**EXERCISE PROMPT:**
Each line of the data below from the one holding "Our men's short-sleeved" to the one holding "فستان كنزة بياقة", inclusive, is to be reproduced exactly; no other line belongs in the answer.

(Data extracted from a collection)
########
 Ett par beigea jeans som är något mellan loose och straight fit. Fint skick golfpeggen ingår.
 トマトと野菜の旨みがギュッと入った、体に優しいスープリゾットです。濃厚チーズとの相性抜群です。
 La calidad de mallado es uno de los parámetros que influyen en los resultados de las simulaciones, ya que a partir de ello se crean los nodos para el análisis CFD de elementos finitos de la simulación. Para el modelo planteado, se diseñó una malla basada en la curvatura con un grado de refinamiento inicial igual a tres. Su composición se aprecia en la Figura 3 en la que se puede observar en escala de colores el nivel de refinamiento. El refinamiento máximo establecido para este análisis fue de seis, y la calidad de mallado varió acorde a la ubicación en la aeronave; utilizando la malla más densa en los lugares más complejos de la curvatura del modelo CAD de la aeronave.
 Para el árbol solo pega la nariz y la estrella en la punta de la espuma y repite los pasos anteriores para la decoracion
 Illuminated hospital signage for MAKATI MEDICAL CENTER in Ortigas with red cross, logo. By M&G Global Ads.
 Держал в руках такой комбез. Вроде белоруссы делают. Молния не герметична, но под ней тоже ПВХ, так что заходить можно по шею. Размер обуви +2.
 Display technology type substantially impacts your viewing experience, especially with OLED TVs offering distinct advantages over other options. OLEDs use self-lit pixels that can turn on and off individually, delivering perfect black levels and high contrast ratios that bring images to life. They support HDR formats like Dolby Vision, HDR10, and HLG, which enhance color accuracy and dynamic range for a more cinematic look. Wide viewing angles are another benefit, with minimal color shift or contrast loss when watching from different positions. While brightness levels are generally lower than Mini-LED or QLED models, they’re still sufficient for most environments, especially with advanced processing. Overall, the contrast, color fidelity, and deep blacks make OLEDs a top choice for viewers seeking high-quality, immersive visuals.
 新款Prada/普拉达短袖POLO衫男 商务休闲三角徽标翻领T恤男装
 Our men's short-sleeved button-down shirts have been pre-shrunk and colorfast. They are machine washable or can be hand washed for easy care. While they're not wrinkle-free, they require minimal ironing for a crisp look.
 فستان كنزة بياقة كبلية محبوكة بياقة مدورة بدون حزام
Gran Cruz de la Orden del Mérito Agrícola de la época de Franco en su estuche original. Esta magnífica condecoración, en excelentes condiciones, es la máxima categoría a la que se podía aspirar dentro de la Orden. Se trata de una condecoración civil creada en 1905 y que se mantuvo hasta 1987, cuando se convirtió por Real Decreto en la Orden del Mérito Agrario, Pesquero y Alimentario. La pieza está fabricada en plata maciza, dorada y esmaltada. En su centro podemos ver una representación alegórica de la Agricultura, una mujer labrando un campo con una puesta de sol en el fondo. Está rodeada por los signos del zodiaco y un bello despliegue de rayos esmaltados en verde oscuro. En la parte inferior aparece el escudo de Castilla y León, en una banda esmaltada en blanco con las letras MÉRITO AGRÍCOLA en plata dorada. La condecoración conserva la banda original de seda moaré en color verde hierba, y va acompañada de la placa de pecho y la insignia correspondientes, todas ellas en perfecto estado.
########
**TASK ANSWER:**
 Our men's short-sleeved button-down shirts have been pre-shrunk and colorfast. They are machine washable or can be hand washed for easy care. While they're not wrinkle-free, they require minimal ironing for a crisp look.
 فستان كنزة بياقة كبلية محبوكة بياقة مدورة بدون حزام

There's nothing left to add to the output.